Danny Horne, the director of chaplaincy services at the Georgia Department of Corrections, visited Angola, which holds 5,000 of Louisiana’s worst criminals on an 18,000-acre maximum security work farm and prison. Inmates are paid pennies an hour to do chores such as pick cotton by hand. He said the seminary program there has made a positive difference in the atmosphere of the prison and others, and Georgia officials were hoping to do something similar here. Baptists pay for the program, its books and teachers.
The classes offered are the same as those offered on the campus of the seminary, basics such as math and specialty classes in the Bible, interpretation of texts, counseling and theology.
The men are being trained to find a useful life again, or maybe for a first time, Horne said. And it can help bolster the prison chaplain program, which is suffering from the same budget and staffing cuts as every other state agency.
The men even pushed Horne to make the program tougher.

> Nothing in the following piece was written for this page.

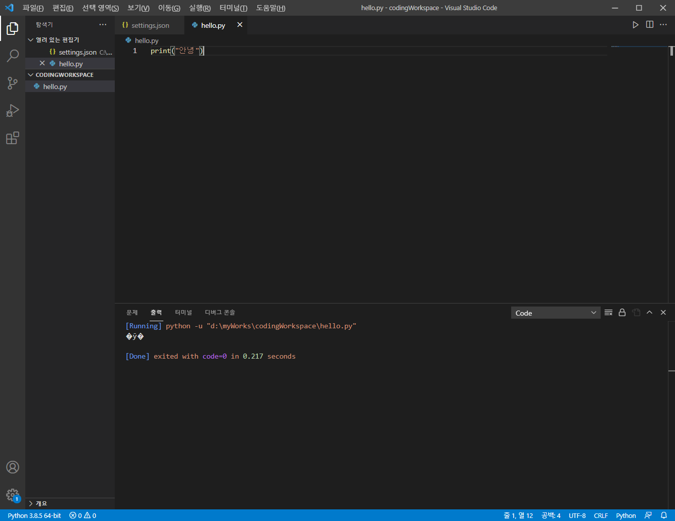 > 다음과 같이 출력에서 한글 깨짐이 발생하는 경우가 있다

They insisted on learning Koine Greek, the ancient language of the New Testament.
Funderburk told the family members and prison officials who came to the graduation ceremony, “Who would have thought that I would have been able to read and understand the New Testament in the original language?”

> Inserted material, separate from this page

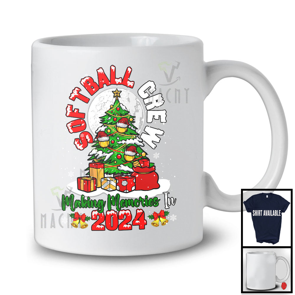 Softball Crew Making Memories In 2024; Joyful Christmas Tree Moon; Sport Player Group T-Shirt

Certainly not his mother, Margaret Funderburk of Clayton.
Like any parent, she was heartbroken when her son was convicted of murder. But she is hopeful after seeing her son, for a first time in his life, walk across a stage in a gown and mortarboard.
“We saw him change and do different things and go in a different way,” she said. “It changed us and made us very happy and it is something we had been praying for. And God answered our prayers.”
Brian Funderburk said he surprised himself by earning “any degree other than the third degree.”
Fellow student Jerome Glover, 60, was a preacher on the outside, plagued by an off and on drug problem he picked up in the Marines. It is not his first time in prison. He’s hoping this 20-year sentence for robbery is nearing an end, with potential parole looming.
Though no stranger to the pulpit, this is the first time he’s had formal theological training. If and when he gets out, he hopes to work in his brother’s church, ministering to those with drug problems or those who find themselves on the wrong side of the razor wire.
“If I ever come back to prison, it’s going to be for prison ministry,” Glover said.